═════ Provided data ═════

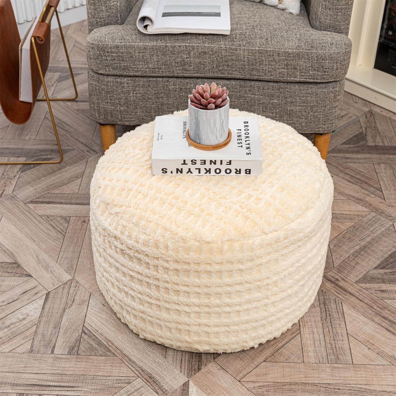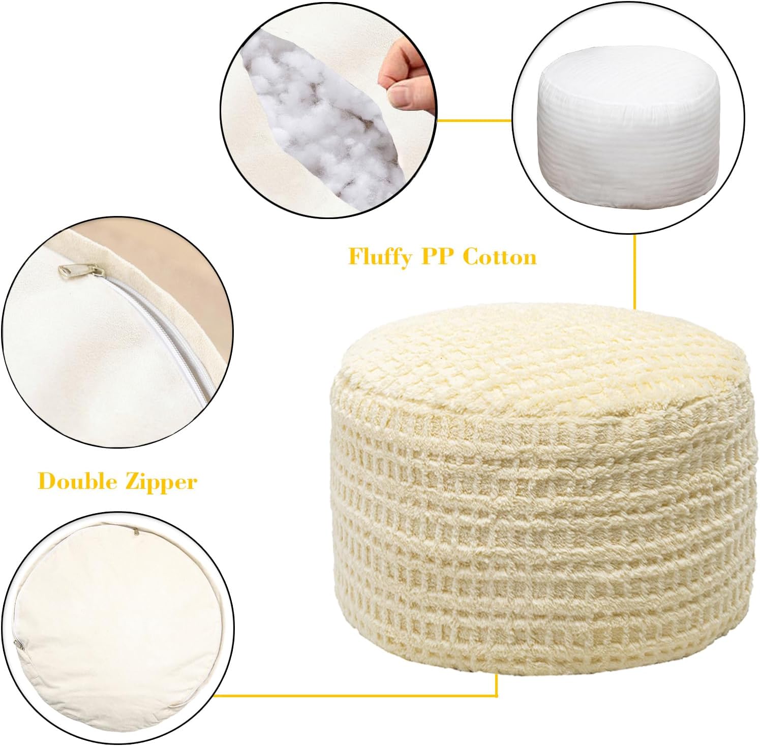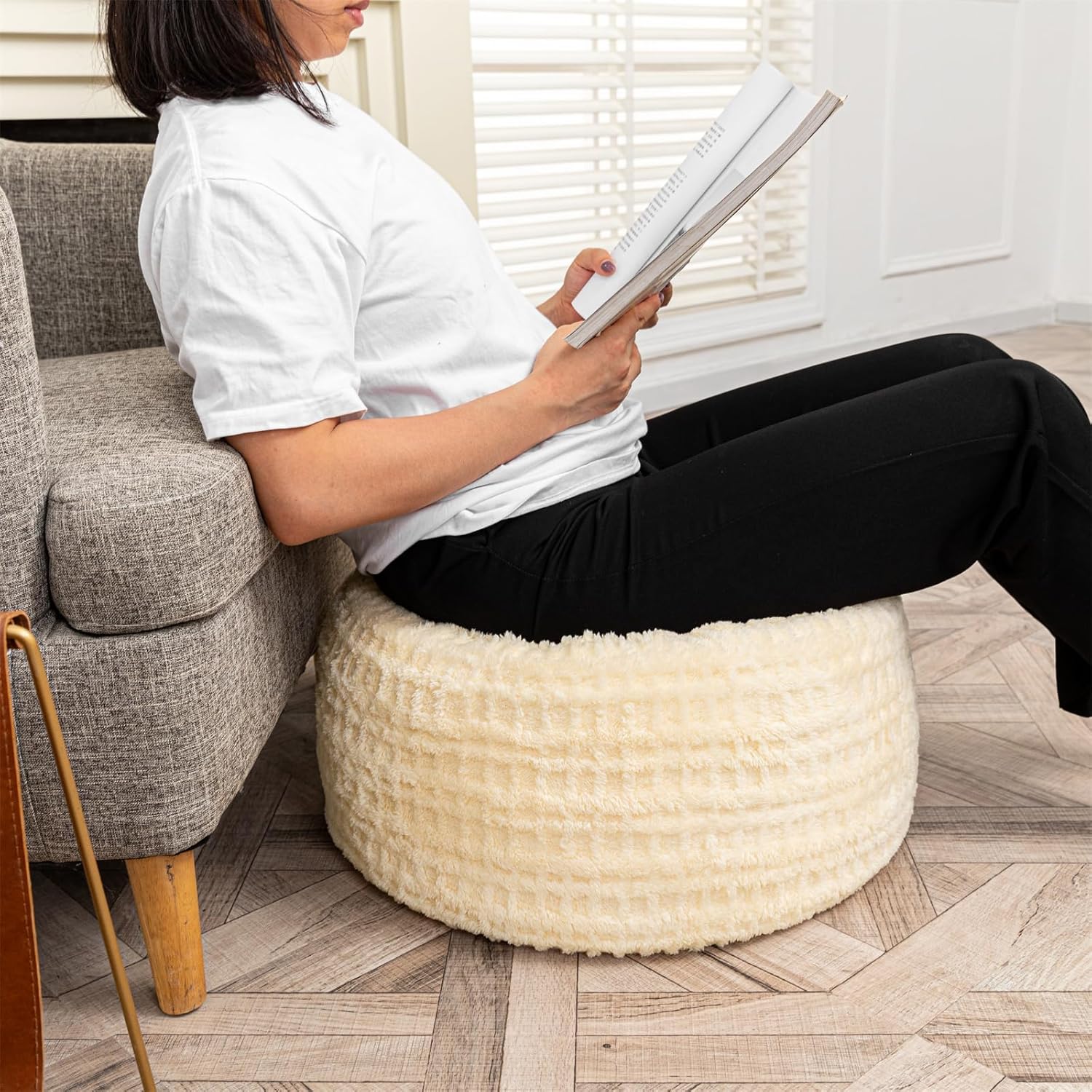 Pouf Ottoman Stuffed, Stuffed Ottoman Foot Rest,Pouf Foot Stool with Filler, 20"x20"x12" Inches Fuzzy Chair, Floor Pouf Chair,Foot Rest with Storage for Living Room, Bedroom (Ivory Pouf with Filler)
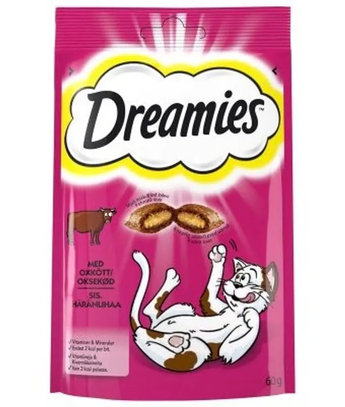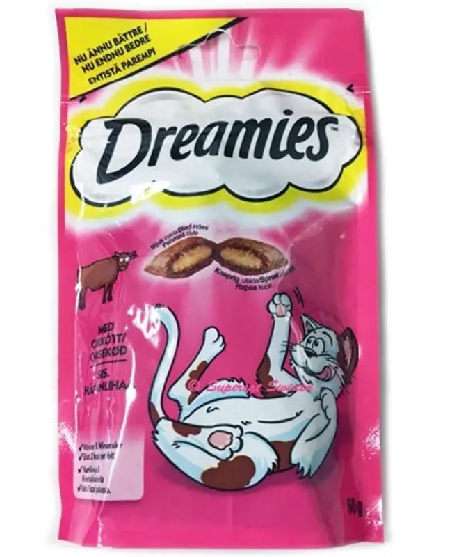 Dreamies är ett kattgodis med knaprig utsida och en mjuk och mumsig insida. Innehåller inga konstgjorda smakämnen eller luktämnen. Perfekt som litet belöningsgodis till din kisse. Förpackat i praktiskt återförslutningsbar påse som håller godiset fräscht samt prasslar inbjudande när man skakar på den.
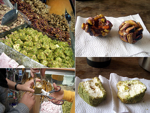 トルコの菓子はライスプディングやシュークリームのチョコレートがけなど、カフェで扱う生菓子風のものと、日持ちする干菓子風のものがある。干菓子風のものは、人参を材料にしたオレンジ色のもちもちした物に、白いココナッツをまぶした物が一般的だが、今日買ったののはピーナッツをまぶしたもの。もう一つは固めのマシュマロというか柔らかめのヌガーみたいなロクロという名の菓子。グリーンのピスタチオがきれい。どちらも素朴な味。
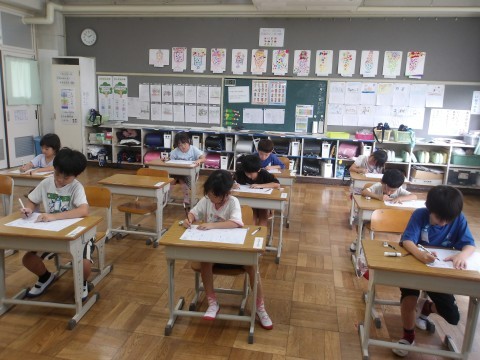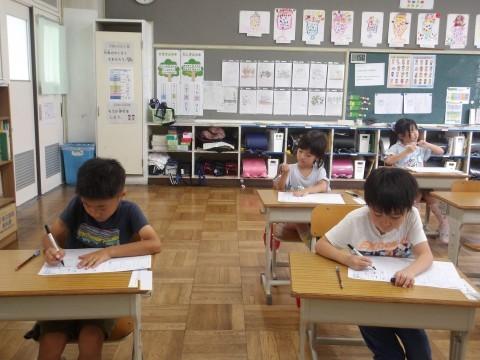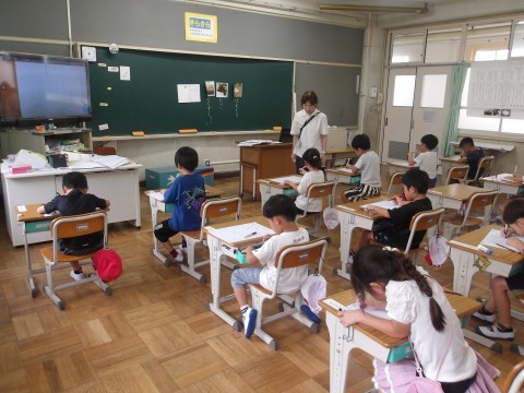 書き方プリントをしました。子どもたちからは、「書き方プリントやりたかった!」という声が。やる気いっぱいの1年生です。
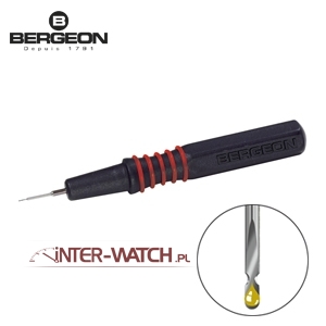 Oliwiacz ręczny Bergeon HH w wersji 0,18 mm to profesjonalne narzędzie do precyzyjnego dozowania oleju w zegarmistrzostwie oraz przy drobnych mechanizmach wymagających dokładności. Końcówka ze stali nierdzewnej, elektropolerowana, zapewnia najwyższą precyzję, a ergonomiczny uchwyt z czerwonym pierścieniem ułatwia identyfikację i komfort pracy. Precyzyjne pozycjonowanie kropli pozwala na aplikację zarówno pełnych, jak i połówek kropli oleju, co czyni narzędzie niezastąpionym w serwisie zegarków.
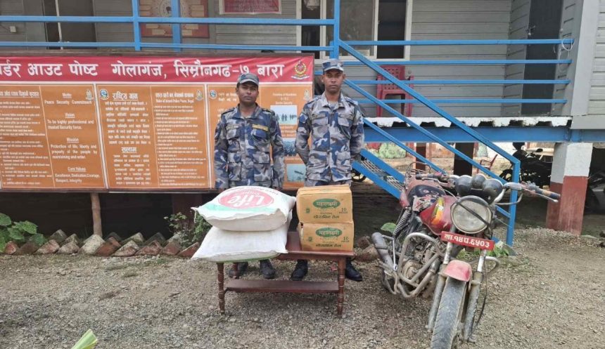 बाराको सिम्रौनगढ नगरपालिका – ९ पिठुवाघाट स्थित सीमा ईलाकामा वि.ओ.पि.गोलागंजबाट खटिएको सशस्त्र प्रहरी नायब निरीक्षक तिलकबहादुर गुर्माछानको टोलिले भारतबाट अबैध रुपमा भन्सार छली नेपाल तर्फ ल्याउदै गरेको अन्दाजी ६९ हजार ५० रुपैयाँ बराबरको चप्पल र मोटरसाइकलको एक लाख गरी जम्मा मुल्य १ लाख ६९ हजार ५० रुपैयाँ बराबरको चप्पल र मोटरसाइकल बरामद गरेको सशस्त्र प्रहरीले जनाएको छ।
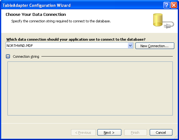 Après avoir cliqué sur Ajouter, lorsque vous êtes invité à ajouter le DataSet au App_Code dossier, choisissez Oui. Le Concepteur du Jeu de données typé s’affiche, et l’Assistant Configuration de TableAdapter démarre, ce qui vous permet d’ajouter votre premier TableAdapter au Jeu de données Typé.
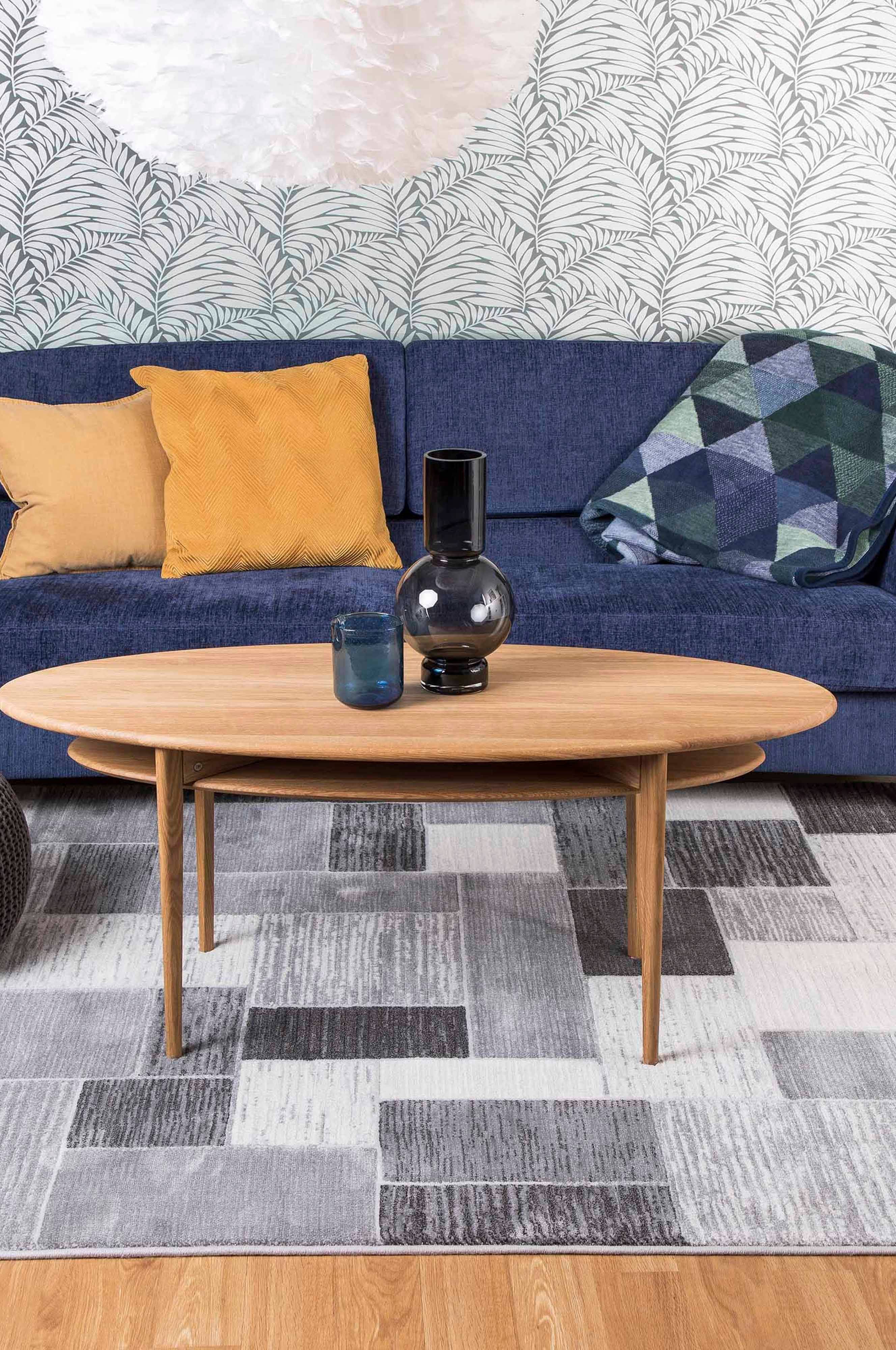 Et maskinfremstillet tæppe af høj kvalitet. Den tætte og fine luv er tyk og blød og er skåret i lidt forskellige længder hvilket giver en fin struktur og livlig overflade. Gulvtæppet har et ternet mønster i en smuk farveskala.

═════

* [Work request]
The lines from the one containing "बाराको सिम्रौनगढ नगरपालिका" to the final line of the material, both ends included, should be retyped exactly and alone, with no pictures.

* [Solved problem]
 बाराको सिम्रौनगढ नगरपालिका – ९ पिठुवाघाट स्थित सीमा ईलाकामा वि.ओ.पि.गोलागंजबाट खटिएको सशस्त्र प्रहरी नायब निरीक्षक तिलकबहादुर गुर्माछानको टोलिले भारतबाट अबैध रुपमा भन्सार छली नेपाल तर्फ ल्याउदै गरेको अन्दाजी ६९ हजार ५० रुपैयाँ बराबरको चप्पल र मोटरसाइकलको एक लाख गरी जम्मा मुल्य १ लाख ६९ हजार ५० रुपैयाँ बराबरको चप्पल र मोटरसाइकल बरामद गरेको सशस्त्र प्रहरीले जनाएको छ।
 Après avoir cliqué sur Ajouter, lorsque vous êtes invité à ajouter le DataSet au App_Code dossier, choisissez Oui. Le Concepteur du Jeu de données typé s’affiche, et l’Assistant Configuration de TableAdapter démarre, ce qui vous permet d’ajouter votre premier TableAdapter au Jeu de données Typé.
 Et maskinfremstillet tæppe af høj kvalitet. Den tætte og fine luv er tyk og blød og er skåret i lidt forskellige længder hvilket giver en fin struktur og livlig overflade. Gulvtæppet har et ternet mønster i en smuk farveskala.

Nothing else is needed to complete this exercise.